Exercise: In the material below, the lines between the one holding "瑞士美度表貝倫賽麗系列玫瑰金" and the one holding "В Атлантическом дивизионе", inclusive, are to be set down word for word. Pictures stay out.

Recorded data:
"""

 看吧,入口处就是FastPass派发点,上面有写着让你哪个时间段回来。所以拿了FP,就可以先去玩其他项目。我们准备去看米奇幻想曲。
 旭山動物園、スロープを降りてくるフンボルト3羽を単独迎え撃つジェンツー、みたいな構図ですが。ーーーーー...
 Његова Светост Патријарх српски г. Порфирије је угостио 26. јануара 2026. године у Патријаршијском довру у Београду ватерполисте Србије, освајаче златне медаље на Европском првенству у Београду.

"""
"""

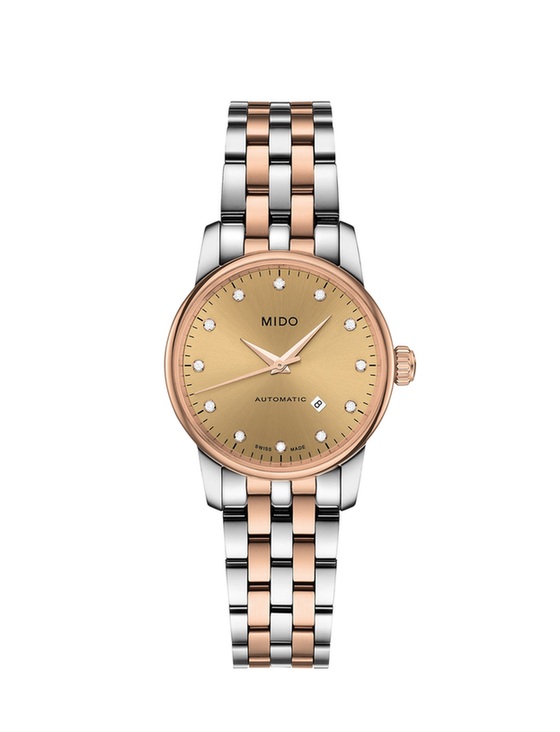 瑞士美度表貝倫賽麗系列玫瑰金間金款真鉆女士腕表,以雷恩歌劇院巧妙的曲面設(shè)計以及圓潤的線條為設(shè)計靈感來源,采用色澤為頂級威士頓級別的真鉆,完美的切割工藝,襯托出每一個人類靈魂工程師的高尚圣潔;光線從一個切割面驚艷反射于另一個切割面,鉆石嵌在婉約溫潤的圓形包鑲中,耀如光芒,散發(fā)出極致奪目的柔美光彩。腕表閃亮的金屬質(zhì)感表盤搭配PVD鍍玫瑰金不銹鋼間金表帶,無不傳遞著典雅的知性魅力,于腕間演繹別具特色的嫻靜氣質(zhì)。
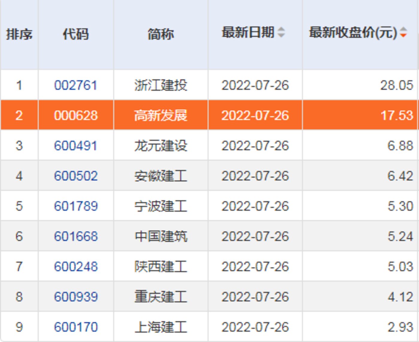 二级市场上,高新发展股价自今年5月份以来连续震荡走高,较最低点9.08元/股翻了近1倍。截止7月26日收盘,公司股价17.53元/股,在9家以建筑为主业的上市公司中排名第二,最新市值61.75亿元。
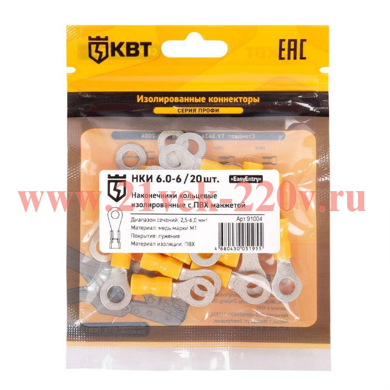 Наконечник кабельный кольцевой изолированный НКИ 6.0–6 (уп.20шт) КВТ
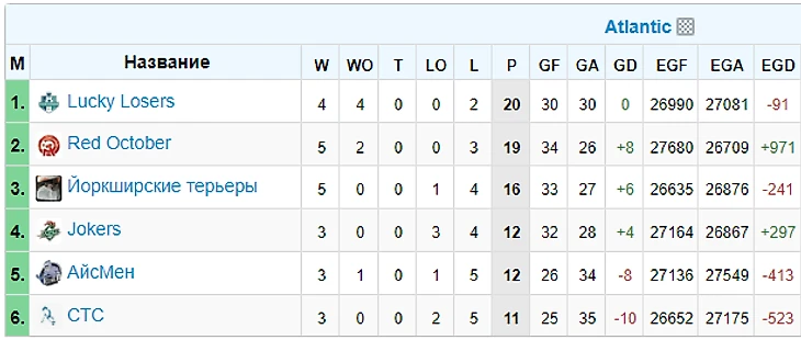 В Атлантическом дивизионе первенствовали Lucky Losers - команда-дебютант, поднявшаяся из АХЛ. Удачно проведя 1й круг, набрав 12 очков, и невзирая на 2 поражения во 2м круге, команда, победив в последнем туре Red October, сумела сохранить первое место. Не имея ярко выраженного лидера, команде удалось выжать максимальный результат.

"""

Task solution:
 瑞士美度表貝倫賽麗系列玫瑰金間金款真鉆女士腕表,以雷恩歌劇院巧妙的曲面設(shè)計以及圓潤的線條為設(shè)計靈感來源,采用色澤為頂級威士頓級別的真鉆,完美的切割工藝,襯托出每一個人類靈魂工程師的高尚圣潔;光線從一個切割面驚艷反射于另一個切割面,鉆石嵌在婉約溫潤的圓形包鑲中,耀如光芒,散發(fā)出極致奪目的柔美光彩。腕表閃亮的金屬質(zhì)感表盤搭配PVD鍍玫瑰金不銹鋼間金表帶,無不傳遞著典雅的知性魅力,于腕間演繹別具特色的嫻靜氣質(zhì)。
 二级市场上,高新发展股价自今年5月份以来连续震荡走高,较最低点9.08元/股翻了近1倍。截止7月26日收盘,公司股价17.53元/股,在9家以建筑为主业的上市公司中排名第二,最新市值61.75亿元。
 Наконечник кабельный кольцевой изолированный НКИ 6.0–6 (уп.20шт) КВТ
 В Атлантическом дивизионе первенствовали Lucky Losers - команда-дебютант, поднявшаяся из АХЛ. Удачно проведя 1й круг, набрав 12 очков, и невзирая на 2 поражения во 2м круге, команда, победив в последнем туре Red October, сумела сохранить первое место. Не имея ярко выраженного лидера, команде удалось выжать максимальный результат.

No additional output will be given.